Weibo’s limited prospects are reflected in its valuation. The company’s latest price-to-earnings (P/E) ratio is 14.2 times, slightly lower than Meta’s 15.5 times. Its price-to-sales (P/S) ratio of 2.7 times is half of Meta’s 5.7 times, and much lower than Twitter’s 20 times, even though Twitter lost money last year.
To be fair, Weibo has unparalleled competitive edges in a massive Chinese advertising market that Meta, Twitter and most other global internet companies have avoided due to Beijing’s strict content oversight requirements. Its relatively diversified user base compared with more specialized social media platforms makes for more stable operating revenue, so that difficulties in one industry don’t take a big toll on the company. But Weibo is far overshadowed in China by WeChat, a social media platform owned by Tencent (0700.HK), in terms of users.

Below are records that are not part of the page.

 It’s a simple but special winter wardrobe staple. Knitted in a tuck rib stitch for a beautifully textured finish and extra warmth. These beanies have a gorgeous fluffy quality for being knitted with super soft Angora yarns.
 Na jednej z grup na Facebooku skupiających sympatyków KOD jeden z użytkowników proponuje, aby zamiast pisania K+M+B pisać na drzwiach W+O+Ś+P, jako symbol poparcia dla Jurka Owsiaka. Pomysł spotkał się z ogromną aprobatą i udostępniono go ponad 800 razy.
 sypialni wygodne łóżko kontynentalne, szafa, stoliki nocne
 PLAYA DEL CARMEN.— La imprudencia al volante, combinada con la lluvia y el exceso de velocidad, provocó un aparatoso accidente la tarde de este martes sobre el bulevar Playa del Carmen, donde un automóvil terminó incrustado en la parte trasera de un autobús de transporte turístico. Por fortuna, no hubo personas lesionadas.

In the six years from 2016 and 2021, Weibo’s monthly active users grew 83% from 313 million to 573 million, representing an annual compound growth rate of 12.9%. By comparison, WeChat’s monthly active user base more than tripled over a five-year period from 300 million in 2013 to 1.1 billion in 2018, representing annual growth of 25.3% – more than twice that of Weibo. The growth has slowed since then due to market saturation, with the company now reporting 1.27 billion MAUs – roughly four times the size of Weibo.

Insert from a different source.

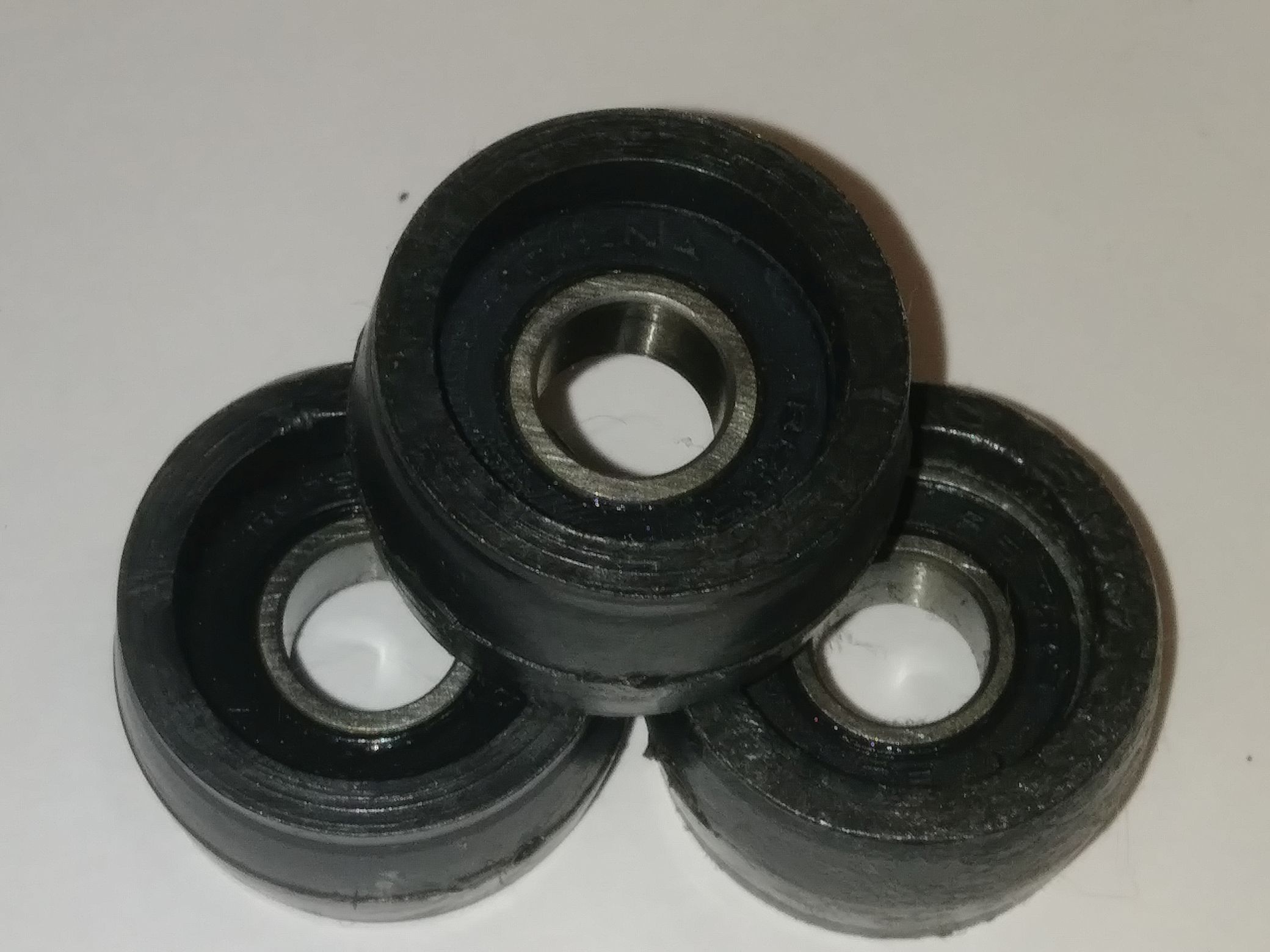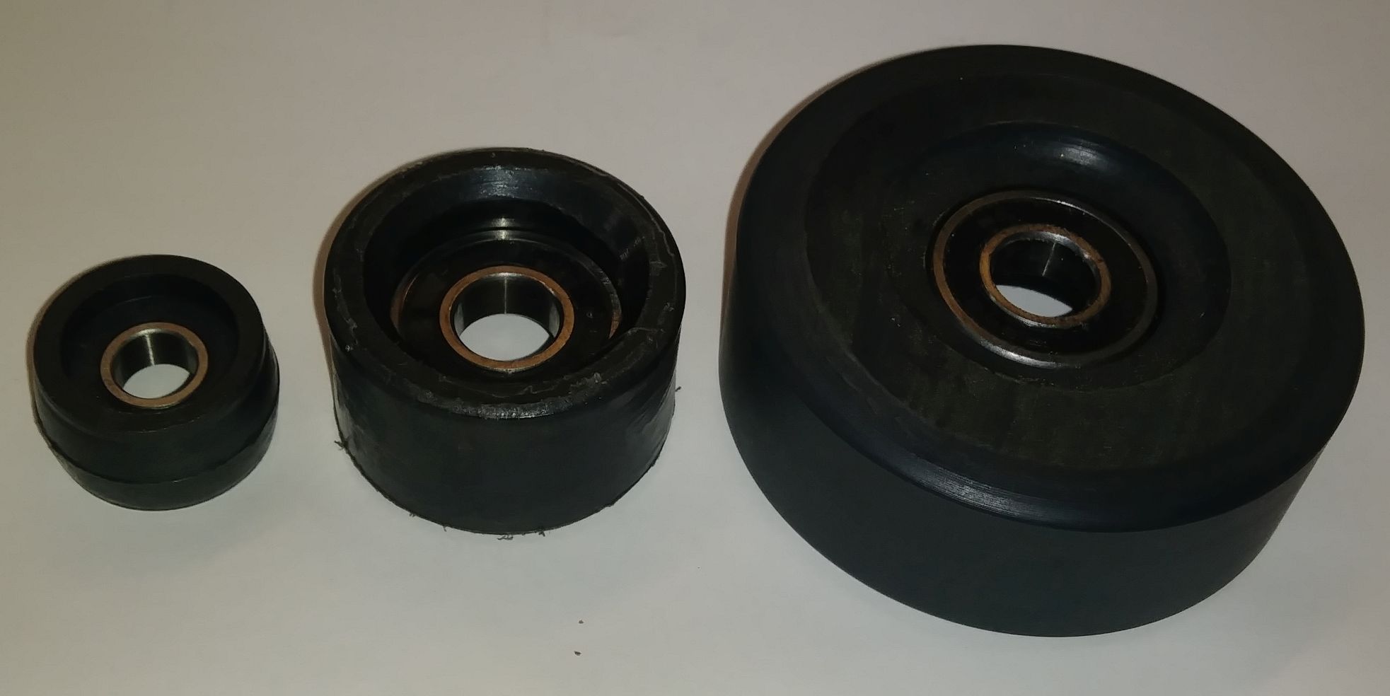 We manufacture a small variety of polymer wheels. Those shown are made of molybdenum filled nylon and are about one to three inches in diameter.

WeChat’s approach to attracting users is different from Weibo’s, relying more on the use of applets and financial-related services that have helped to boost its popularity.
Weibo has realized its own shortcomings and is working to close the gap. It wants to draw more diverse and dynamic user groups by further diversifying its content. Prompted by the popularity of video, it is recruiting more video content creators in hopes of competing with the likes of far younger video apps like Kuaishou (1024.HK) and Douyin, the Chinese edition of TikTok. Weibo now boasts 46 vertical content fields including celebrities, entertainment, jokes, fashion, cosmetics, finance and gaming, where the number of daily viewers is growing about 20% annually.

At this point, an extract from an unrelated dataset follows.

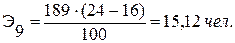 9) Относительное уменьшение численности работающих (Э9 )рассчитывается по формуле:

Second listing in Hong Kong
Originally listed in the U.S. in 2014, Weibo made a second listing in Hong Kong late last year and raised around HK$1.9 billion ($244 million). It said it would spend 45% of the funds to expand its user base and user participation, while 25% would go to R&D and enhancing its user experience and monetization capabilities. All that shows the company sees improved user experience and content diversification as two top priorities.
The company’s purchase of an interactive entertainment company and online gaming businesses in the fourth quarter of 2020 are positive first steps to achieving those goals, and helped to drive a 36% rise in its value-added service revenue last year. Continuation of the trend could hinge on how quickly and efficiently it uses the funds from its Hong Kong IPO to make its platform more popular and better monetize its users.
U.S.-listed Chinese stocks have been haunted by the potential of forced delistings from New York in recent years, and Weibo was singled out as facing such a risk when its name appeared on a list published by the U.S. Securities and Exchange Commission (SEC) in March. The company’s stock fell a combined 6.4% in two days after that happened.
Despite rebounding somewhat since then, the HK$206.80 Monday close for the company’s Hong Kong traded shares represented a 24% decline from its Hong Kong IPO price of HK$272.80 just four months earlier. Last week the company announced a plan to buy back up to $500 million worth of shares in the next 12 months to shore up the price. But more diversification and better user monetization will be the real keys to winning back investors over the longer term.